Excerpts: Columnist Robert McCartney on mayoral race
Washington Post local columnist Robert McCartney was online earlier today to answer readers' questions about the upcoming D.C. primary. Excerpts follow.
Worst Politician Ever? Good article, but if Fenty's "strategy" was wrong, you'd expect a man of the people-type politician to notice a long time ago. If there has ever been a politician to squander such advantages -- youth, money, incumbency, declining crime -- I can't think of who it is. This election shouldn't even be close, but he's completely blown it.

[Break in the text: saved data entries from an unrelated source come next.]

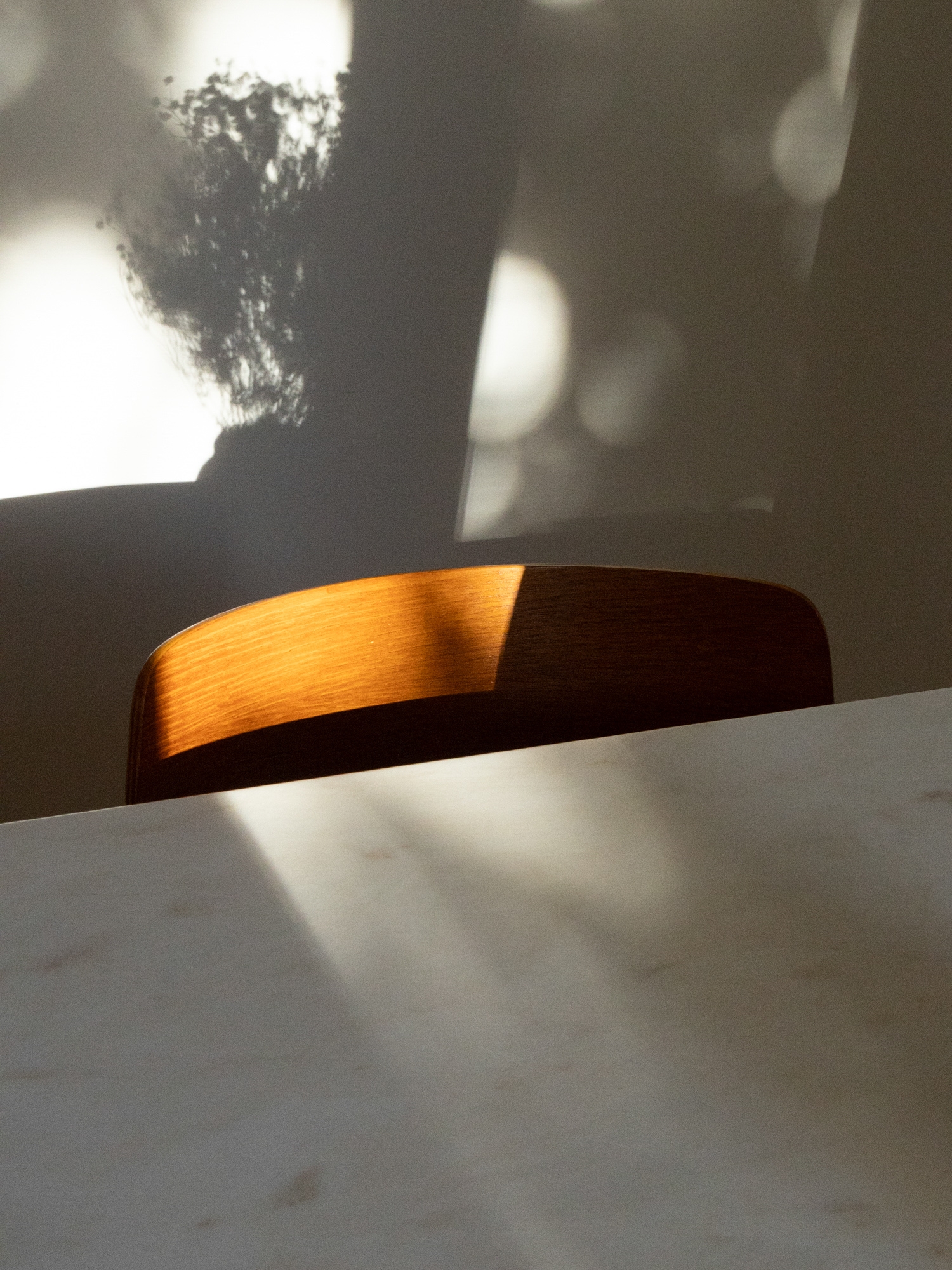 A load-bearing wall was removed to create a full-height opening, allowing the living room to flow seamlessly into an intimate dining room, where the custom-made Rosa Portugal marble dining table is the star of the show.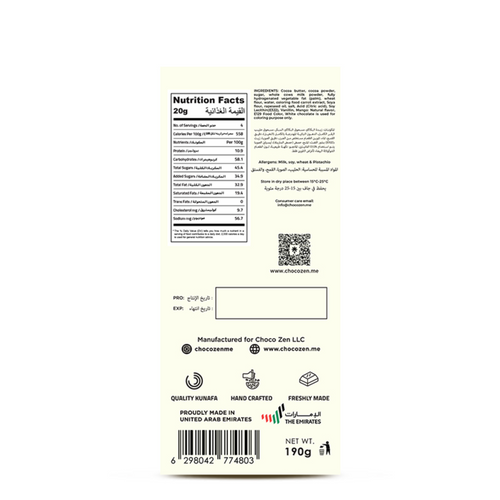 Choco Zen Dubai Chocolate Mango Kunafa White Chocolate Bar 190g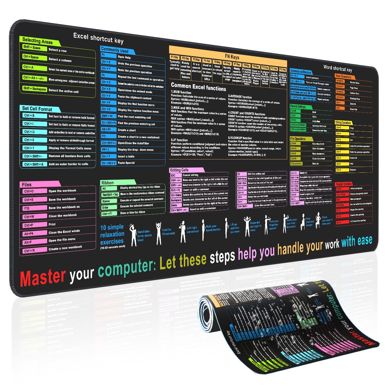- Thoughtful Gift Idea: Looking for the perfect gift? Our Excel shortcut mat is an ideal choice for colleagues, friends, or family. It makes a thoughtful addition to any workspace and serves as a great employee appreciation gift, promoting productivity and efficiency.

Robert McCartney writes: I agree that this shouldn't have been close. It turns out that Fenty's "man of the people" style meant one thing: He was willing to go door-to-door and talk to voters face-to-face throughout the city. Once he was elected, though, he decided his job was to run the government without paying a whole lot of attention to what various kinds of community leaders said. He's been amazingly reluctant to meet with civic leaders, including those in the labor, business and religious communities. That has hurt him. Even Tony Williams, his wonkish predecessor, met with community leaders despite being somewhat uncomfortable about doing so.
Elections: If Fenty loses the primary, can he still run as an independent in the citywide elections in November?
Robert McCartney writes: Several people have asked this. I didn't know, so I just walked across the newsroom and asked Tim Craig, who covers the D.C. Council for us. He said it'd be too late for Fenty to file to run as an independent. The ballot deadline has passed for that. Fenty's only alternative would be to run as a write-in candidate. I think that's very unlikely.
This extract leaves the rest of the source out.